Based on prior studies in individual UCD patients (e.g. Brusilow, Pediatric Research, vol. 29, 147-50 (1991); Brusilow and Finkelstien, J. Metabolism, vol. 42, 1336-39 (1993)) in which 80-90% of the nitrogen scavenger sodium phenylbutyrate was reportedly excreted in the urine as PAGN, current treatment guidelines typically either assume complete conversion of sodium phenylbutyrate or other PAA prodrugs to PAGN (e.g. Berry et al., J. Pediatrics, vol. 138, S56-S61 (2001)) or do not comment on the implications of incomplete conversion for dosing (e.g. Singh, Urea Cycle Disorders Conference Group ‘Consensus Statement from a Conference for the Management of Patients with Urea Cycle Disorders’, Suppl to J Pediatrics, vol. 138(1), S1-S5 (2001)).

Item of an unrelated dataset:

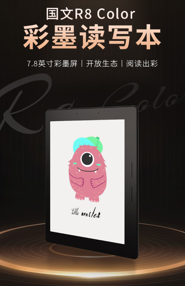 国文 R8 系列读写本配备 7.8 英寸墨水屏、拥有物理翻页按键,同时内置支持档位调节的双色温物理灯珠。读写本搭载 A55 四核处理器,预装安卓 11 系统,应用商店提供超 200+ 阅读软件。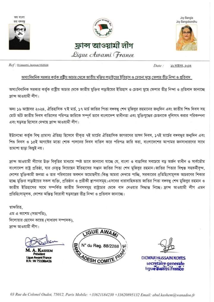 ফ্রান্স আওয়ামী লীগের উক্ত বিবৃতির মাধ্যমে স্পষ্ট ভাবে জানানো যাচ্ছে যে, বাংলা ও বাঙালির সবচেয়ে বড় অর্জন স্বাধীন ও সার্বভৌম বাংলাদেশ রাষ্ট্র প্রতিষ্ঠা, যার নেতৃত্ব দিয়েছেন ইতিহাসের সন্তান জাতির পিতা শেখ মুজিবুর রহমান। জাতির পিতার বিশ্বস্ত সহকর্মীবৃন্দ, দেশের মুক্তিকামী জনতা ও তার পরিবারের অবদান অমোছনীয়। কিন্তু আমরা দেখতে পাচ্ছি, সরকারের প্রতিহিংসামূলক আচরণের শিকার হচ্ছে মুক্তির লড়াইয়ের সকল ব্যক্তি, প্রতিষ্ঠান ও প্রতীকী স্থাপনাসমূহ। এসবের ধারাবাহিকতায় জাতির পিতা বঙ্গবন্ধু শেখ মুজিবুর রহমান ও জাতীয় ইতিহাসের সাথে সম্পর্কিত জাতীয় দিবসসমূহ রাষ্ট্রাচার থেকে বাদ দেওয়ার সিদ্ধান্ত নিচ্ছে। ফ্রান্স আওয়ামী লীগ এমন প্রতিহিংসামূলক, দেশের অস্তিত্ব বিরোধী ষড়যন্ত্রের তীব্র নিন্দা ও প্রতিবাদ জানাচ্ছে।

Current treatment guidelines recommend 4 times per day dosing, based on the fact that PBA is absorbed rapidly from the intestine when administered in the form of sodium PBA and exhibits a short half life in the bloodstream (Urea Cycle Disorders Conference Group ‘Consensus Statement’ 2001)
Current recommendations for sodium phenylbutyrate dosing indicate that dosage should not exceed 600 mg/kg (for patients weighing up to 20 kg) or in any case 20 grams total.